"""Profile RapidYAML sanitizer and parser on a directory of YAML files.
Usage:
uv run python -m chunkhound.scripts.profile_ryml_yaml /path/to/repo
This script intentionally bypasses the DB/service layers to focus on parser
hotspots. It will emit a one-line RapidYAML summary at the end via stdlib
logging from RapidYamlParser.cleanup().
"""
from __future__ import annotations
import argparse
import logging
import os
import sys
import time
from pathlib import Path
from chunkhound.core.types.common import FileId, Language
from chunkhound.parsers.parser_factory import ParserFactory
def iter_yaml_files(root: Path):
exts = {".yaml", ".yml"}
for base, _, files in os.walk(root):
for name in files:
if Path(name).suffix.lower() in exts:
yield Path(base) / name
def main() -> int:
ap = argparse.ArgumentParser(description=__doc__)
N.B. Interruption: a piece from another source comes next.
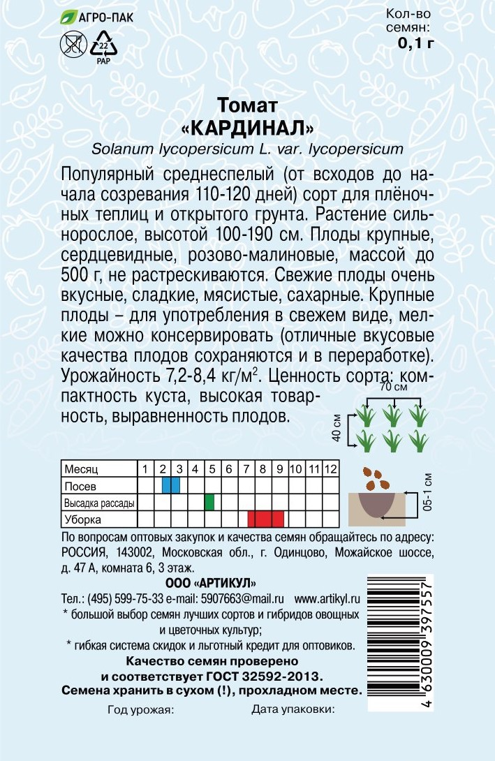 Семена Артикул Томат Кардинал, 2г
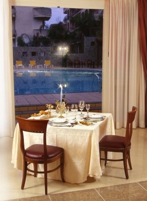 The restaurant, which overlooks the outdoor swimming pool, is managed by experienced professionals who propose gastronomic delights and specialities of both Sicilian and international cuisine.

ap.add_argument("path", type=Path, help="Root directory to scan for YAML files")
ap.add_argument("--limit", type=int, default=0, help="Optional limit of files to parse")
args = ap.parse_args()
if not args.path.exists() or not args.path.is_dir():
print(f"Not a directory: {args.path}", file=sys.stderr)
return 2
# Configure stdlib logging so RapidYamlParser INFO logs are visible
logging.basicConfig(level=logging.INFO, format="%(levelname)s %(name)s: %(message)s")
factory = ParserFactory()
parser = factory.create_parser(Language.YAML)
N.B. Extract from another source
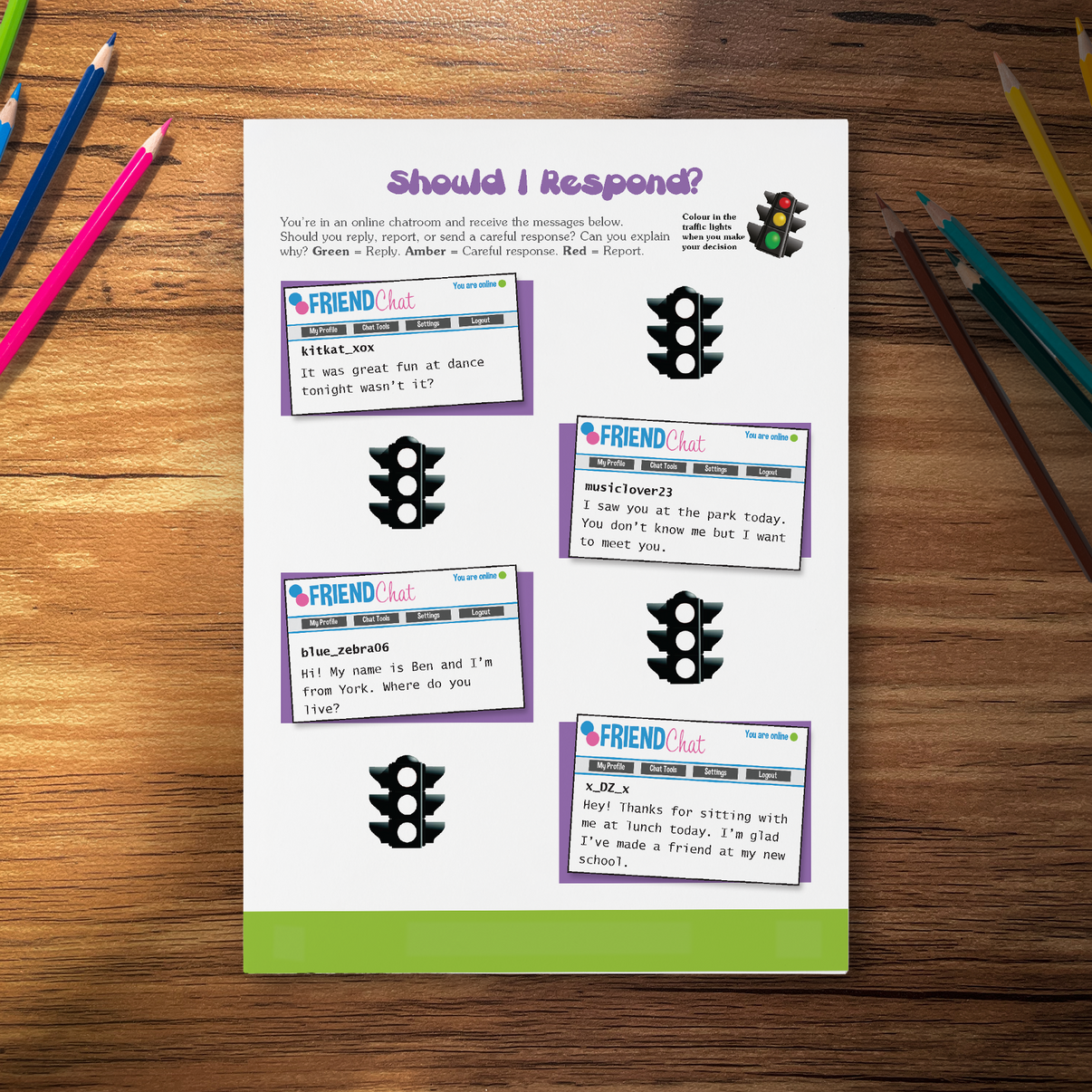 Activities typically present a range of scenarios, such as receiving a message from a stranger online, being teased at school, or witnessing a friend being left out. Children are asked to consider these situations and decide whether a response is needed and, if so, what kind of response would be appropriate.
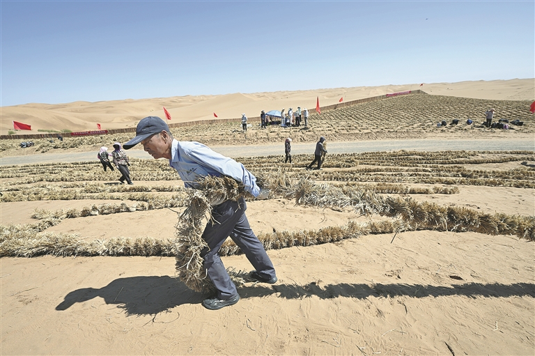 图为当日,治沙工人在位于长流水村的腾格里沙漠东南缘扎草方格。 新华社记者 王鹏 摄

files = list(iter_yaml_files(args.path))
if args.limit:
files = files[: args.limit]
t0 = time.perf_counter()
total_chunks = 0
errors = 0
for idx, fp in enumerate(files, 1):
try:
chunks = parser.parse_file(fp, FileId(0))
total_chunks += len(chunks)
if idx % 500 == 0:
print(f"… {idx}/{len(files)} files parsed; chunks={total_chunks}")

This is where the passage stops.